REQUIRED WORK:
Output the records below verbatim, minus the pictures.

○ ○ ○ ○

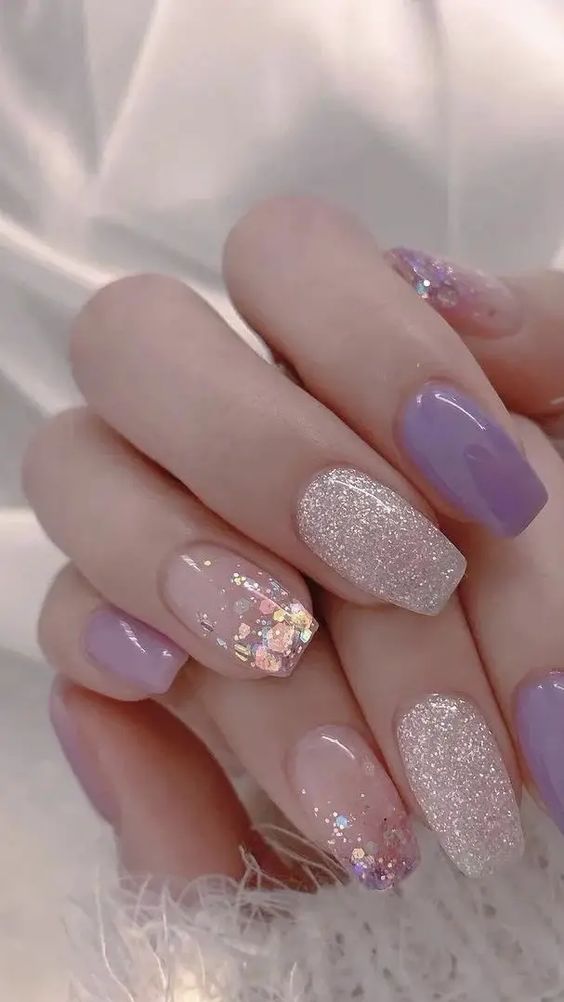 Elegance is redefined with these lilac and white nails, featuring delicate lines and a dusting of glitter. It’s a modern take on the classic French tip, infused with a light pink sparkle that’s quintessential for a chic spring day.
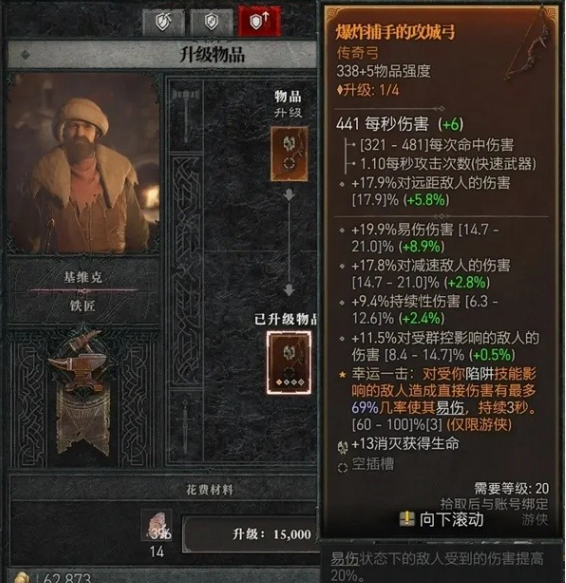 游戏中获得的每件装备都可以根据稀有程度升级一定次数。 每次升级都会增加 5 级物品等级。 虽然您可以升级普通物品和魔法物品,但这只是浪费时间和材料。 稀有、传奇和暗金物品才是值得升级的。
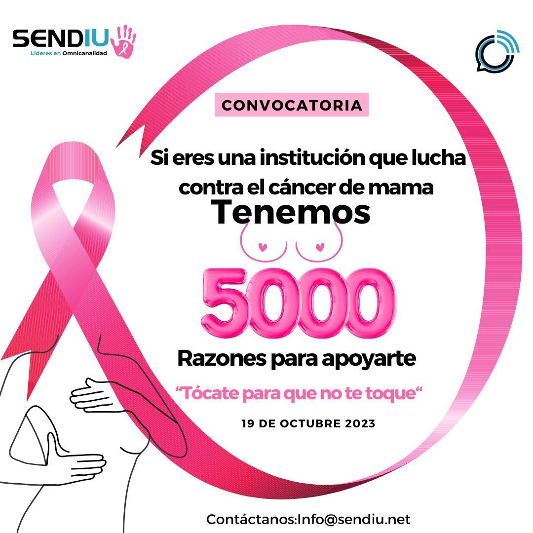 Santo Domingo, República Dominicana. Octubre del 2023. Sendiu anuncia la apertura a la convocatoria “Tócate para que no te toque” 2023, que estará disponible desde el 04 de octubre hasta el 19 de octubre 2023. Cómo cada año Sendiu realiza esta convocatoria para todas las instituciones que luchen contra el cáncer de mama, donando los servicios de su plataforma de SMSi para que puedan enviar un mensaje de apoyo a 5,000.00 mujeres que luchan para la prevención de esta enfermedad.
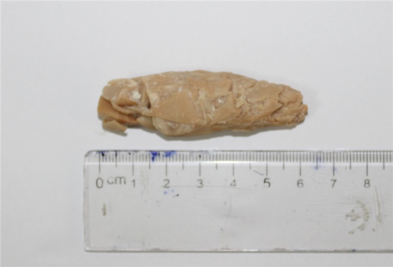Khối thức ăn kích thước 6x2 cm được gắp bỏ khỏi thực quản của người bệnh.
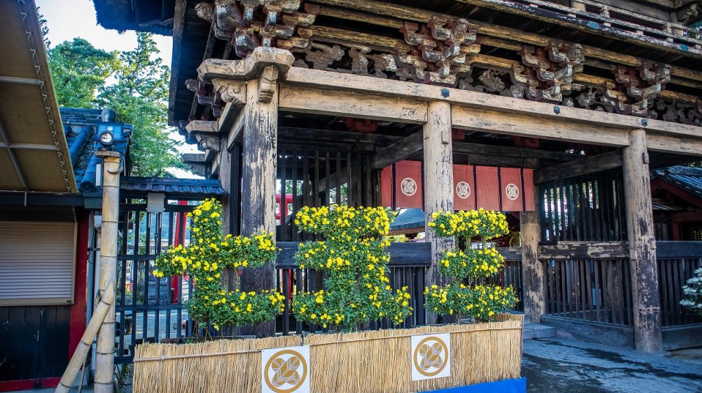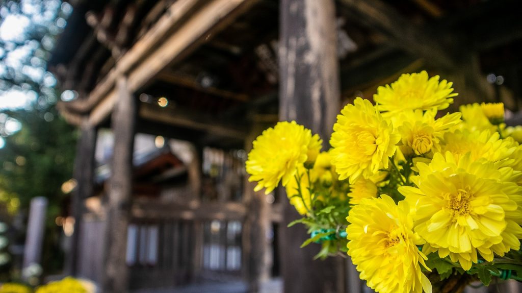 黄色い菊と楼門のコントラストが美しいですね(*^^*)
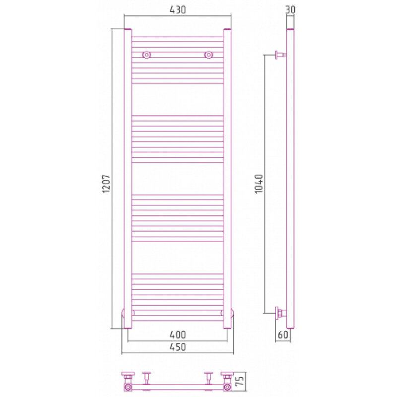 Полотенцесушитель водяной Сунержа Модус 071-0250-1240, высота 120 см, ширина 40 см, универсальное подключение, цвет сатин
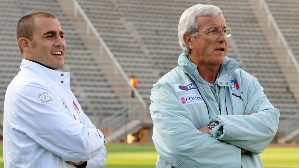 Bộ đôi huyền thoại vô địch World Cup 2006- M.Lippi và Cannavaro (trái)
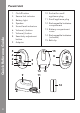 Parent Unit 1. On/off button 2. Secure link indicator 10. Socket for small appliance plug 3. Battery light 11. Small appliance plug 4. Speaker 12. Rechargeable batteries compartment 5. Sound level indicators 13. Battery compartment cover 6. Volume(+) button Quick Reference Guide 7. Volume(-) button 14. Rechargeable batteries (included) 8. Sensitivity adjustment button 15. Belt clip 9.

○ ○ ○ ○

SOLUTION FOR THIS PROBLEM:
 Elegance is redefined with these lilac and white nails, featuring delicate lines and a dusting of glitter. It’s a modern take on the classic French tip, infused with a light pink sparkle that’s quintessential for a chic spring day.
 游戏中获得的每件装备都可以根据稀有程度升级一定次数。 每次升级都会增加 5 级物品等级。 虽然您可以升级普通物品和魔法物品,但这只是浪费时间和材料。 稀有、传奇和暗金物品才是值得升级的。
 Santo Domingo, República Dominicana. Octubre del 2023. Sendiu anuncia la apertura a la convocatoria “Tócate para que no te toque” 2023, que estará disponible desde el 04 de octubre hasta el 19 de octubre 2023. Cómo cada año Sendiu realiza esta convocatoria para todas las instituciones que luchen contra el cáncer de mama, donando los servicios de su plataforma de SMSi para que puedan enviar un mensaje de apoyo a 5,000.00 mujeres que luchan para la prevención de esta enfermedad.
Khối thức ăn kích thước 6x2 cm được gắp bỏ khỏi thực quản của người bệnh.
 黄色い菊と楼門のコントラストが美しいですね(*^^*)
 Полотенцесушитель водяной Сунержа Модус 071-0250-1240, высота 120 см, ширина 40 см, универсальное подключение, цвет сатин
 Bộ đôi huyền thoại vô địch World Cup 2006- M.Lippi và Cannavaro (trái)
 Parent Unit 1. On/off button 2. Secure link indicator 10. Socket for small appliance plug 3. Battery light 11. Small appliance plug 4. Speaker 12. Rechargeable batteries compartment 5. Sound level indicators 13. Battery compartment cover 6. Volume(+) button Quick Reference Guide 7. Volume(-) button 14. Rechargeable batteries (included) 8. Sensitivity adjustment button 15. Belt clip 9.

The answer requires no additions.